Historical population
| Census | Pop. | Note | %± |
| 1910 | 651 |  | — |
| 1920 | 324 |  | −50.2% |
| 1930 | 239 |  | −26.2% |
| 1960 | 1,913 |  | — |
| 1970 | 1,953 |  | 2.1% |
| 1980 | 1,906 |  | −2.4% |
| 1990 | 1,845 |  | −3.2% |
| 2000 | 1,762 |  | −4.5% |
| 2010 | 1,426 |  | −19.1% |
| 2020 | 1,076 |  | −24.5% |
U.S. Decennial Census

===2020 census===
As of the 2020 census, Mammoth had a population of 1,076. The median age was 47.8 years. 21.5% of residents were under the age of 18 and 24.6% of residents were 65 years of age or older. For every 100 females there were 105.3 males, and for every 100 females age 18 and over there were 102.6 males age 18 and over.

0.0% of residents lived in urban areas, while 100.0% lived in rural areas.

There were 423 households in Mammoth, of which 32.9% had children under the age of 18 living in them. Of all households, 45.9% were married-couple households, 20.6% were households with a male householder and no spouse or partner present, and 23.6% were households with a female householder and no spouse or partner present. About 18.6% of all households were made up of individuals and 10.4% had someone living alone who was 65 years of age or older.

There were 530 housing units, of which 20.2% were vacant. The homeowner vacancy rate was 0.3% and the rental vacancy rate was 3.8%.

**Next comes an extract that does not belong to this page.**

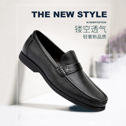 沙驰男鞋皮鞋夏季真皮镂空皮鞋套脚凉鞋男士商务休闲鞋透气乐福鞋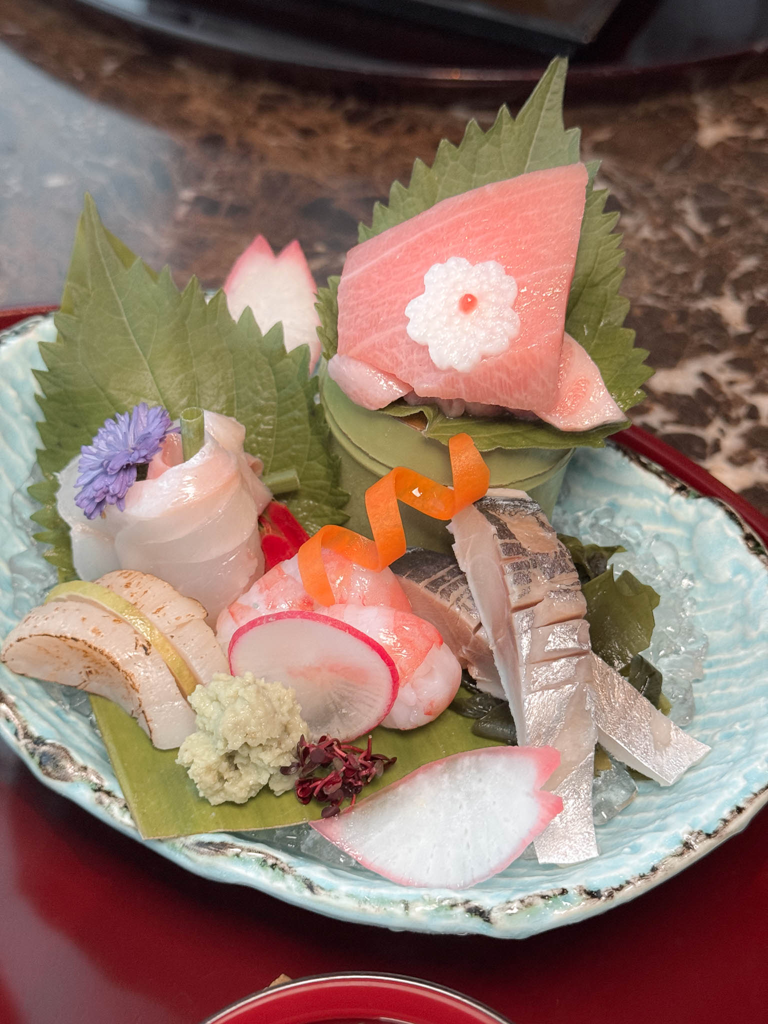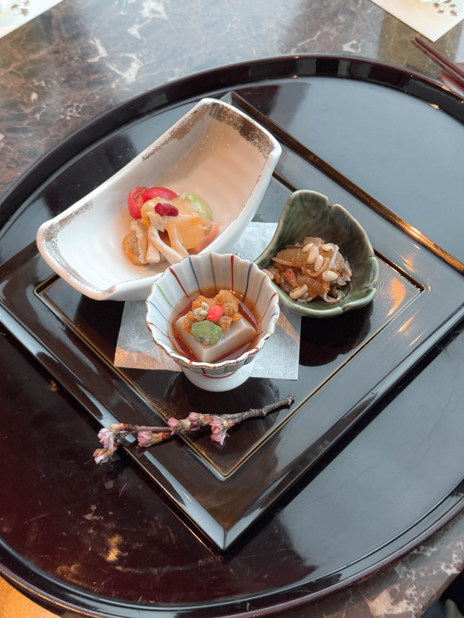 We opted for the Uzuki Kaiseki set menu, which showcased seasonal ingredients across multiple courses, from amuse to dessert. Highlights included glistening sashimi (tuna belly, horse mackerel, scallop aburi), a delicate soup with sakura shrimp and yuzu, and snow fish grilled in sakura leaf — a dish as fragrant as it was tender.

Racial composition as of the 2020 census
| Race | Number | Percent |
|---|---|---|
| White | 572 | 53.2% |
| Black or African American | 0 | 0.0% |
| American Indian and Alaska Native | 38 | 3.5% |
| Asian | 5 | 0.5% |
| Native Hawaiian and Other Pacific Islander | 1 | 0.1% |
| Some other race | 193 | 17.9% |
| Two or more races | 267 | 24.8% |
| Hispanic or Latino (of any race) | 752 | 69.9% |

===2000 census===
At the 2000 census, there were 1,762 people, 562 households, and 440 families in the town. The population density was 1,626.5 PD/sqmi. There were 697 housing units at an average density of 643.4 /sqmi. The racial makeup of the town was 61.9% White, 0.1% Black or African American, 1.5% Native American, 0.3% Asian, 0.2% Pacific Islander, 31.9% from other races, and 4.0% from two or more races while 73.0% of the population were Hispanic or Latino of any race.
Of the 562 households, 39.0% had children under the age of 18 living with them, 55.0% were married couples living together, 16.0% had a female householder with no husband present, and 21.7% were non-families. Another 18.5% of households had only one person and 9.8% had one person aged 65 or older. The average household size was 3.14 and the average family size was 3.54.

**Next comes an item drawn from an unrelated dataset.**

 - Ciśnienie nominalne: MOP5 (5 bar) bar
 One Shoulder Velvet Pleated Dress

The age distribution was 33.5% under the age of 18, 8.9% from the age of 18 to 24, 25.8% from the age of 25 to 44, 20.1% from the age of 45 to 64, and 11.6% from the age of 65 or older. The median age was 32 years. For every 100 females, there were 97.8 males. For every 100 females age 18 and over, there were 95.3 males.

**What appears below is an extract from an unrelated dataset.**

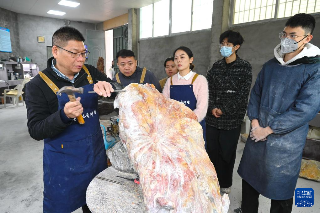 在福建省工艺美术大楼寿山石雕刻工作室,中国工艺美术大师郑则评(左)在指导学生进行寿山石雕刻创作(3月6日摄)。

The median household income was $29,861 and the median family income was $32,661. Males had a median income of $32,768 versus $19,028 for females. The per capita income for the town was $9,878. About 23.8% of families and 28.1% of the population were below the poverty line, including 39.4% of those under the age of 18 and 10.6% of those aged 65 or over.
==Notable person==
Eulalia "Sister" Bourne, who was an Arizona pioneer, schoolteacher and author, lived much of her life in the vicinity of Mammoth at her homestead in Peppersauce Canyon near San Manuel and later at her ranch on Copper Creek where she died in 1984.